▸ Work item: Would you print the lines below exactly, beginning at the line that has "기회를 얻었다! 🤣 영" and stopping after the line that has "O documento resume"? Only those lines, and no pictures.

"""

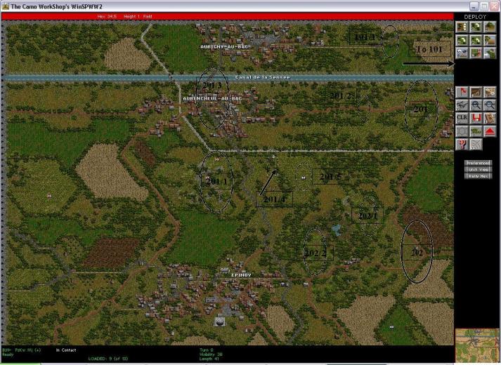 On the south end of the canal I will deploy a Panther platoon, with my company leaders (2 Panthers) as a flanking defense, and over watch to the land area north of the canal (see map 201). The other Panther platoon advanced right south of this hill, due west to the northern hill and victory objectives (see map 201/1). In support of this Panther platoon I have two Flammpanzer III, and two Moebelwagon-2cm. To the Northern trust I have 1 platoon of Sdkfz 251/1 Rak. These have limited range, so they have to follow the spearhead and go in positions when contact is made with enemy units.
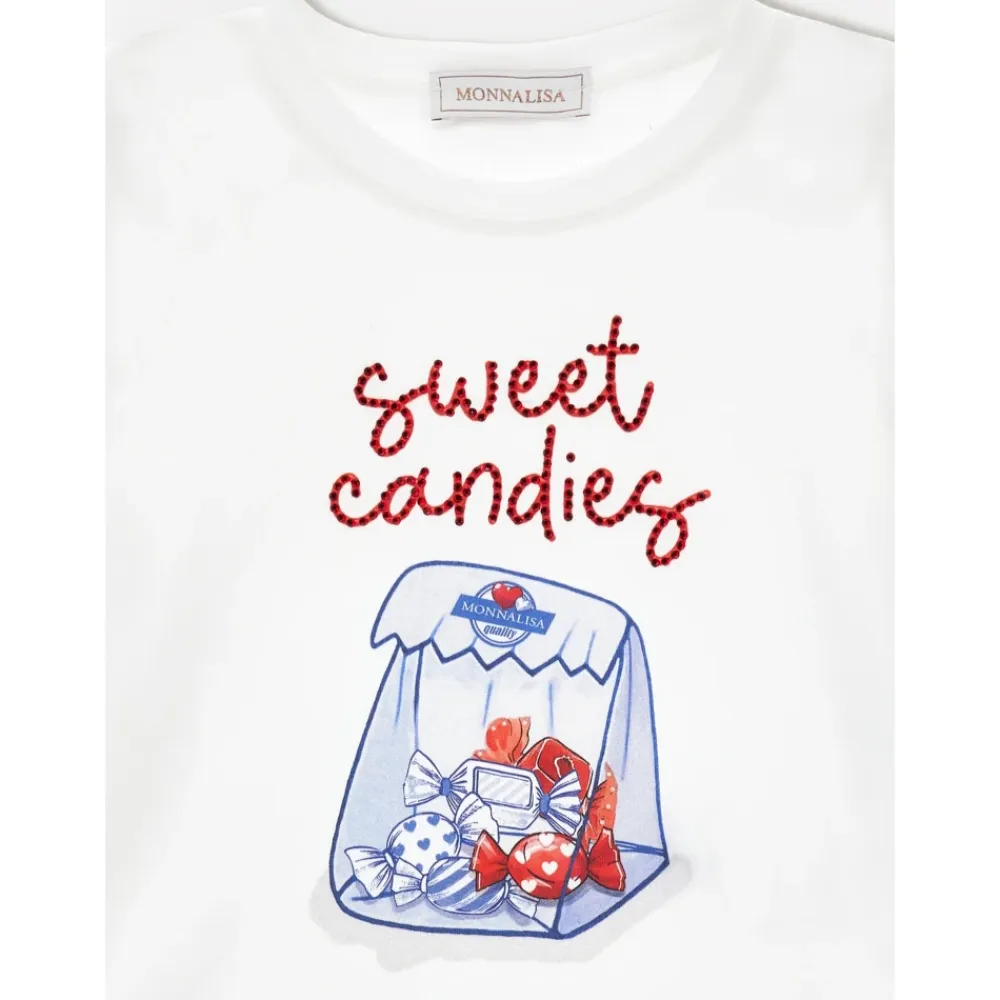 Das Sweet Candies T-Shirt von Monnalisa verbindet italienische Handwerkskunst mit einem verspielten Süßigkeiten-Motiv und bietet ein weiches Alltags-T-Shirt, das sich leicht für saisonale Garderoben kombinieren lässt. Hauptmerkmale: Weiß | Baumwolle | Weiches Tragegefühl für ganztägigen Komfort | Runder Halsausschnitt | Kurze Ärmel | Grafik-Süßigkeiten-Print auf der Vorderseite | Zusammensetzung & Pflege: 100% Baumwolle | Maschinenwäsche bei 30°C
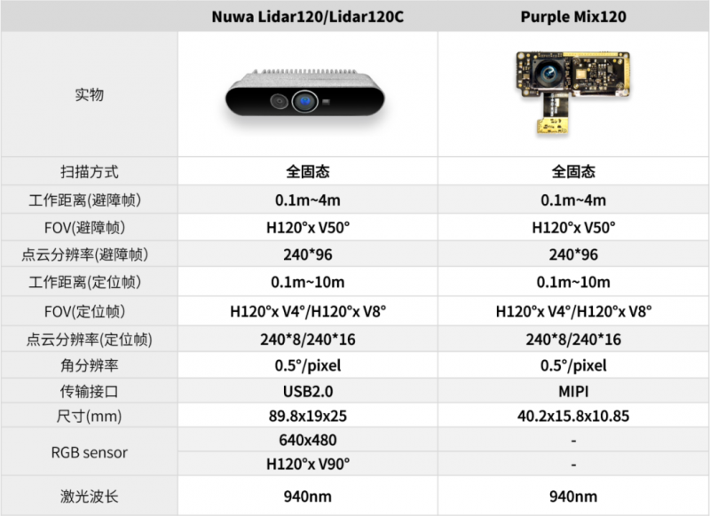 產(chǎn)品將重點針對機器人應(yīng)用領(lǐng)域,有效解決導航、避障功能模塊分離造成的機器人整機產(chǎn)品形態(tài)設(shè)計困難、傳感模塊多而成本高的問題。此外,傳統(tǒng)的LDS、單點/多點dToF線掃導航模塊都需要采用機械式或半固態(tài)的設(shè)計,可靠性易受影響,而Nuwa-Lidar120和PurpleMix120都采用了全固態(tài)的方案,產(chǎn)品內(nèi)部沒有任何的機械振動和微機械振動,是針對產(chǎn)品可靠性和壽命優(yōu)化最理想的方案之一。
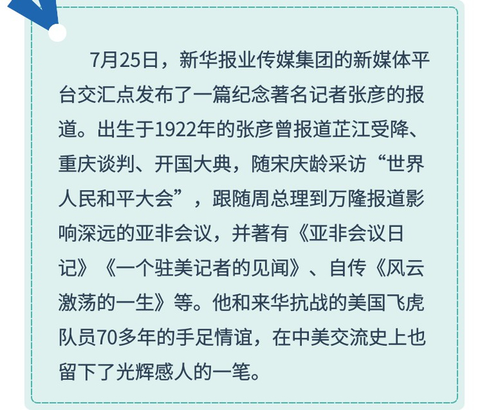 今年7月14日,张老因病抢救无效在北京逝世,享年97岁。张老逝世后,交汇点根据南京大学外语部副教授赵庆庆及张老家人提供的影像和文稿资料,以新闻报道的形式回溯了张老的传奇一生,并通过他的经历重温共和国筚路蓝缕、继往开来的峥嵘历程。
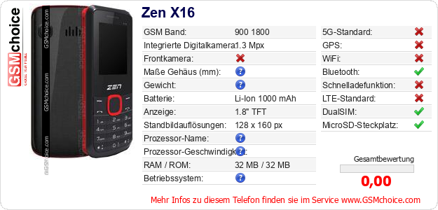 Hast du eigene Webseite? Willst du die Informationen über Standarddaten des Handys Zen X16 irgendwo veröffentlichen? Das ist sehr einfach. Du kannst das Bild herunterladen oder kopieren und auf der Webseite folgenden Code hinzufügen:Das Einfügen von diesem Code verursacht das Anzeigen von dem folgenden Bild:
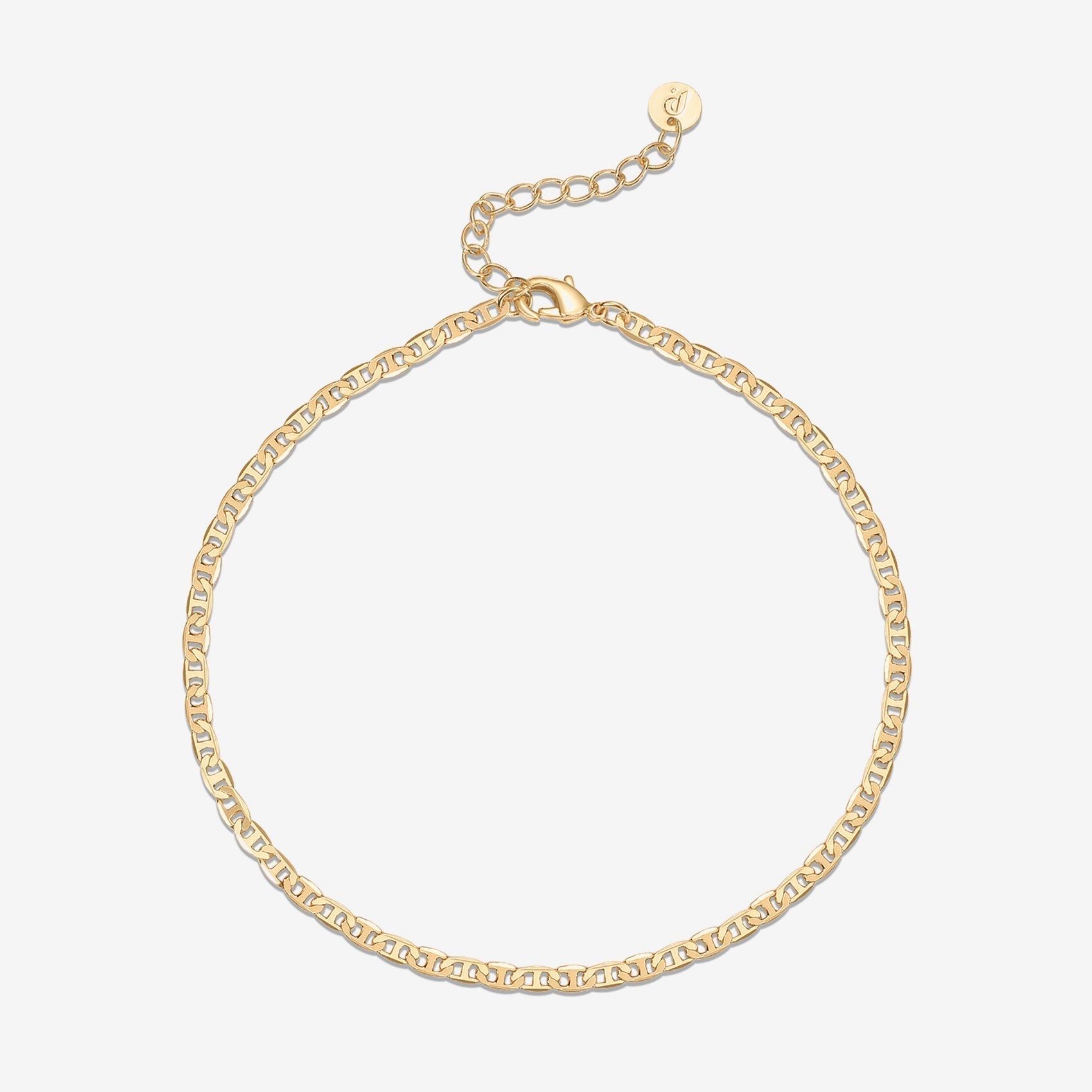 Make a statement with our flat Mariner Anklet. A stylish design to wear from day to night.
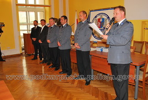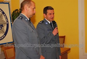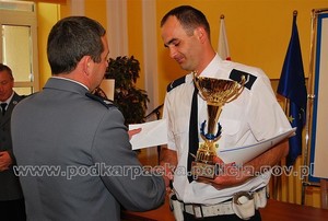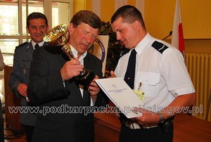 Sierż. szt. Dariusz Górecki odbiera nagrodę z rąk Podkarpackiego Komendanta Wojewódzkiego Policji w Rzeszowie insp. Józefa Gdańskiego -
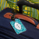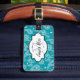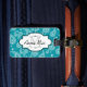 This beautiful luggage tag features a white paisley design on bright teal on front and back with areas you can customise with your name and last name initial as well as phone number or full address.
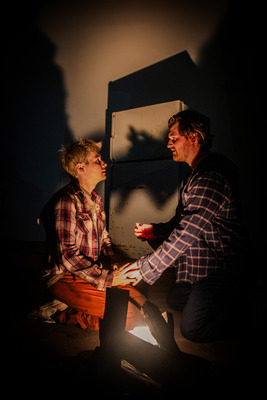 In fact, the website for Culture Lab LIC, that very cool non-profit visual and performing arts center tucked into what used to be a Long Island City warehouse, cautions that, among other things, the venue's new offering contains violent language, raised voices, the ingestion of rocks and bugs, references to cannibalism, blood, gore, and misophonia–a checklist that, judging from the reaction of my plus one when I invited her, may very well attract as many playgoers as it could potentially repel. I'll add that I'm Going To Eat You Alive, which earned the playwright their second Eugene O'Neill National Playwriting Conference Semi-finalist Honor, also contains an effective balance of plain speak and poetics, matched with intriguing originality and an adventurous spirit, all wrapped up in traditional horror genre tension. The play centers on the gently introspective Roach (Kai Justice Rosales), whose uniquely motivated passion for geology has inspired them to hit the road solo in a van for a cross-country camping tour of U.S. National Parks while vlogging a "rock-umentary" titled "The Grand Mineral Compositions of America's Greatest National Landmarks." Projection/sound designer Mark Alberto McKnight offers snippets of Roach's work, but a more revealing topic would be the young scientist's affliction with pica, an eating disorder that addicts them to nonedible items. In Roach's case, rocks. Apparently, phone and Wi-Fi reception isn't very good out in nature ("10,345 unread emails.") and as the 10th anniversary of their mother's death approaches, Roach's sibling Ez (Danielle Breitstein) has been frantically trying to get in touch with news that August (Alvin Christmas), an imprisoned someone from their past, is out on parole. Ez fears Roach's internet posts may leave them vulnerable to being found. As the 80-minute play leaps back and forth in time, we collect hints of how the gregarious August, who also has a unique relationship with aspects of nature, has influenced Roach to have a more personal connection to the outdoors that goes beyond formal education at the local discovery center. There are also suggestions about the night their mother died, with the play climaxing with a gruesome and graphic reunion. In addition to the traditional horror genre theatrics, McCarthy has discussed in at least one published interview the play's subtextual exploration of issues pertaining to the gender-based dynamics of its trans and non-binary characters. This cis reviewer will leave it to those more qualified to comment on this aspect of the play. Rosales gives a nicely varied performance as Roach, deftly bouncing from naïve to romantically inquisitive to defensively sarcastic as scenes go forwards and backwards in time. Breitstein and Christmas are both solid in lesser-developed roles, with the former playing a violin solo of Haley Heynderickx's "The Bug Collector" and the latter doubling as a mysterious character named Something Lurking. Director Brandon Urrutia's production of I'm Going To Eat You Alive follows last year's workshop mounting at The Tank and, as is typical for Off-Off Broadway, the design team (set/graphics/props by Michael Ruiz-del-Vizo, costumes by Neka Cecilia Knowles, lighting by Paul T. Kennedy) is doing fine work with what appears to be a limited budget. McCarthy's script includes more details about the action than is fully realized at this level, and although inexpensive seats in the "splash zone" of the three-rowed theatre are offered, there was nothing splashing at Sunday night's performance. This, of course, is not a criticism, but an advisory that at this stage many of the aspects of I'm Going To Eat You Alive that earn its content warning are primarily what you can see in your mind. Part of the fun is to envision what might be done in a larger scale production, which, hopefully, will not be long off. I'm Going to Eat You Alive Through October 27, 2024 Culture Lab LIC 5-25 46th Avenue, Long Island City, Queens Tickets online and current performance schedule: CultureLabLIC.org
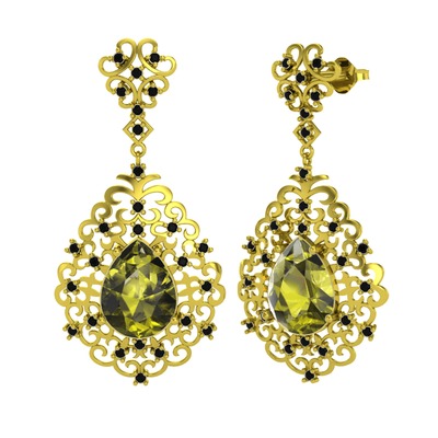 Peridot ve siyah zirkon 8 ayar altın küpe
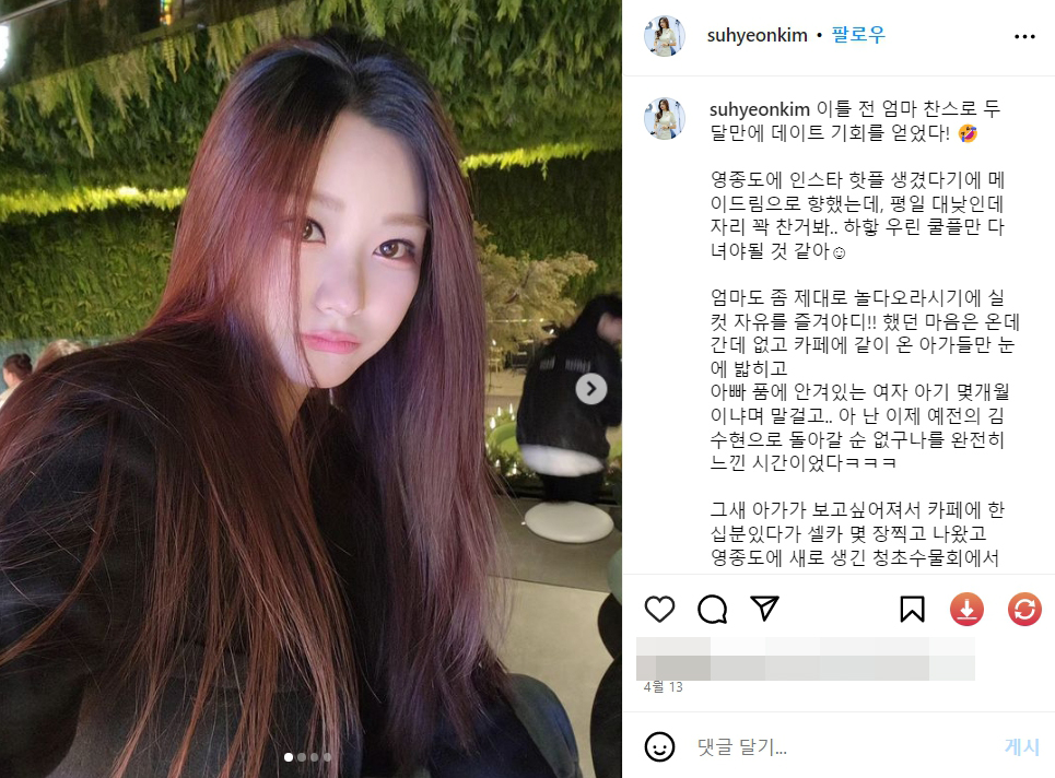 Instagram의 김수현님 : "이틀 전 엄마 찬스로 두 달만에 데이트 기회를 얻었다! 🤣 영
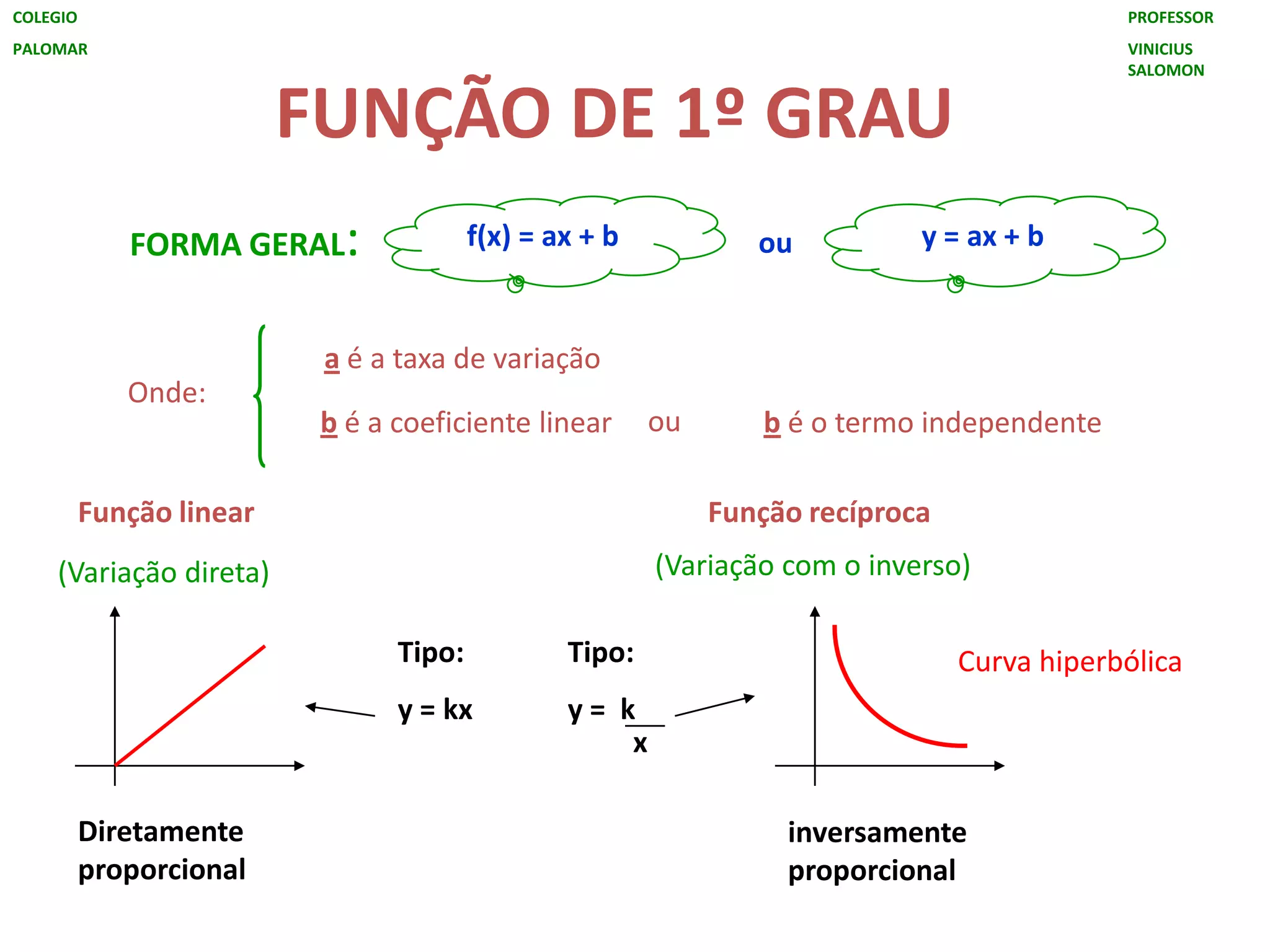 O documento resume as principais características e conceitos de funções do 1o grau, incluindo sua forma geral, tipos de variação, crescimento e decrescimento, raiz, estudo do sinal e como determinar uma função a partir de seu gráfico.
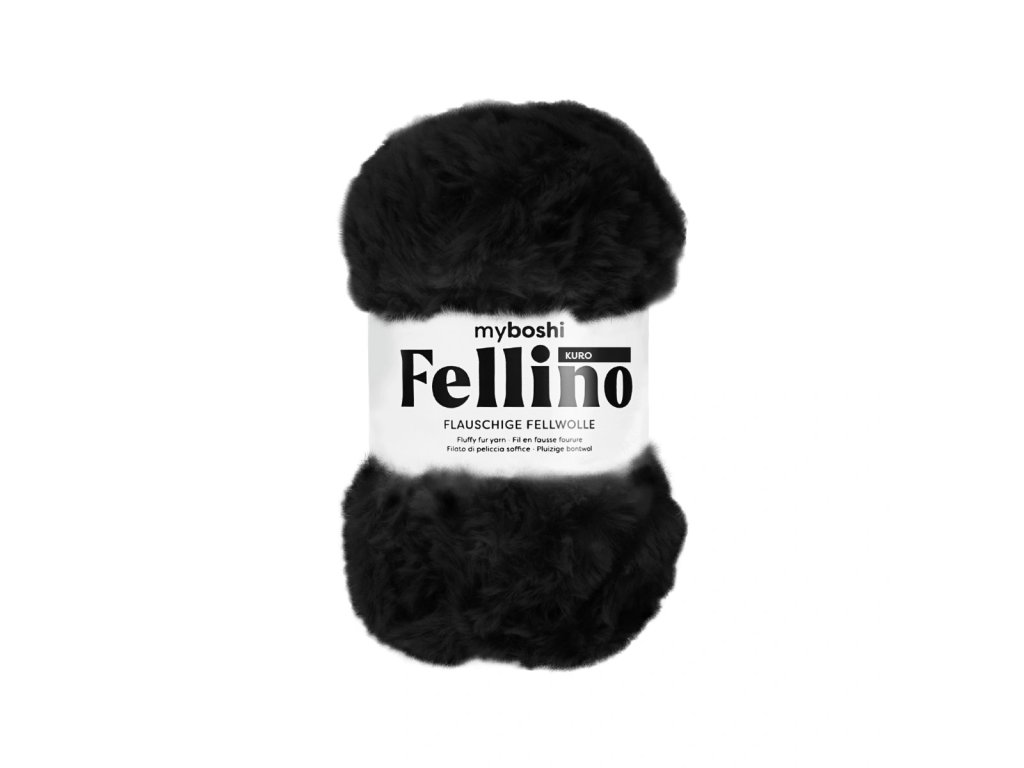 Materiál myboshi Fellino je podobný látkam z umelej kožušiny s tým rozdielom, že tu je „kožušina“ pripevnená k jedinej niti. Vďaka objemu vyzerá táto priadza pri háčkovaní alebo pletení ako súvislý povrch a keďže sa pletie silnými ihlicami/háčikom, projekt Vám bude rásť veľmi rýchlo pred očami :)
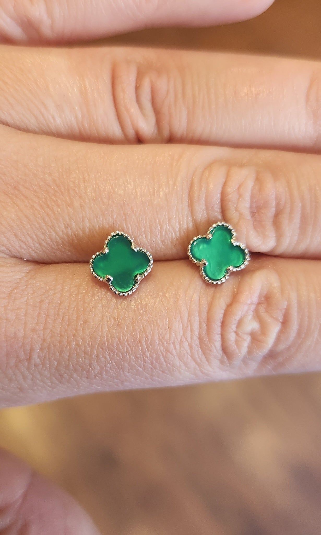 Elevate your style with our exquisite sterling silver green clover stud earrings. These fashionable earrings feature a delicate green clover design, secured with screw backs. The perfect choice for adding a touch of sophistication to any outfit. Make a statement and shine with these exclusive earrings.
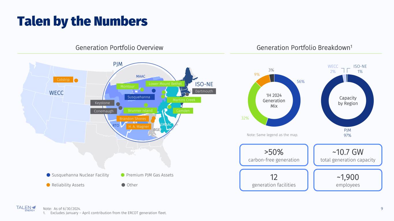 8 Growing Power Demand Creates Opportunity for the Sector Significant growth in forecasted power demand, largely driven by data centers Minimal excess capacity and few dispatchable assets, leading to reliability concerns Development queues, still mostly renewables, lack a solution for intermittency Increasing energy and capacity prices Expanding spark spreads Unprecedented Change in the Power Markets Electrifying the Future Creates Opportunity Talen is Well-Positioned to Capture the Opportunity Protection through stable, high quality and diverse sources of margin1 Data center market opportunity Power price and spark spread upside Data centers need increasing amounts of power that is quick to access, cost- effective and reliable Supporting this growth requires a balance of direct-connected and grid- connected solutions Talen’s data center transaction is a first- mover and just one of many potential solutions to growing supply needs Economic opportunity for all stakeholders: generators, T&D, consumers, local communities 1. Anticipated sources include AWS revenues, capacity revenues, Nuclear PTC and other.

"""

▸ Written reply:
 Instagram의 김수현님 : "이틀 전 엄마 찬스로 두 달만에 데이트 기회를 얻었다! 🤣 영
 O documento resume as principais características e conceitos de funções do 1o grau, incluindo sua forma geral, tipos de variação, crescimento e decrescimento, raiz, estudo do sinal e como determinar uma função a partir de seu gráfico.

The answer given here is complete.